EDMUND KING, president of the AA, has repeated calls for a targeted diesel scrappage scheme.
As diesel owners seem increasingly likely to face punitive measures for driving vehicles bought on the strength of green credentials, King has cautioned against harsh treatments, however.
Speaking to Car Dealer Magazine, King said: ‘Theresa May has said that diesel car owners should be treated fairly. If you look back in history, governments encouraged the dash for diesel with tax incentives in the late 1990s and early 2000s.
‘Many families and owners bought diesels in good faith. If we are to see restrictions on the use of diesels or charges for the use of diesels in urban areas then we feel it’s only fair that drivers are, in effect, given some compensation for following the guidance of previous governments.
‘Currently there are low-emission zones in London, Brighton, Norwich, Nottingham and Oxford, but other than London, those zones only affect buses currently.
‘There are also plans for low-emission schemes in Birmingham, Derby, Leeds and Southampton. One borough in London is tripling the residents’ parking charge for all diesel cars, but a Euro 6 diesel car is cleaner than a 10-15 year old petrol car, so there’s no logic there.
‘Part of the problem is that it’s not just diesel cars. What the research indicates is that in urban areas, about 10 per cent of the vehicles cause 50 per cent of the pollution and when remote sensing techniques have been used to measure this, it has tended to be primarily the older trucks, buses, taxis – and they do higher mileages in urban areas than private cars do. There’s a lot of demonising diesels out there without looking at the facts.’
King sees a repeat of the scrappage scheme as a potential path to help diesel owners out. The scheme, in 2009, saw owners of older vehicles offered a £2,000 incentive, half-backed by a government grant and half by a manufacturer discount, to buy a newer, cleaner vehicle. The majority of the UK’s volume manufacturers signed up to the scheme, which ran from April 2009 to March 2010.
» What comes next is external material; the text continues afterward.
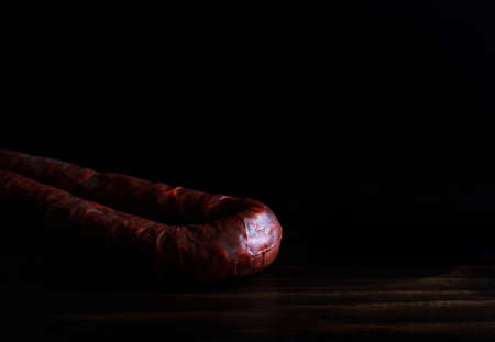 jerked sausage with fat on a dark background

He continued: ‘In 2009, we had a successful scrappage scheme. The reasons at the time were to boost the economy and the car industry rather than the environment. We could envisage a similar scheme whereby government and manufacturers could encourage people to upgrade to electric vehicles, hybrid vehicles or lower emission vehicles. One could draw up a table of vehicles that would be eligible for the scheme.
‘Whereas in 2009 it was a nationwide scrappage scheme, if you wanted to restrict the scheme to make it more targeted, you could target it to owners in bigger urban areas where there are greater air quality problems.
‘If you own a 10-year old car and live in the middle of Devon, it’s not really affecting air quality, so you could target the scheme to postcodes. You could encourage the uptake of more electric and hybrid vehicles – where hopefully there’d be better infrastructure with charging points and so on.
‘This could be a way of bringing a bit more fairness into the debate. It could encourage the uptake of greener, cleaner and safer cars – newer cars, in terms of Euro NCAP ratings, tend to be safer as well. The government wouldn’t necessarily lose out here either – the government would be getting 20 per cent VAT on the sale of new cars and the new car tax.’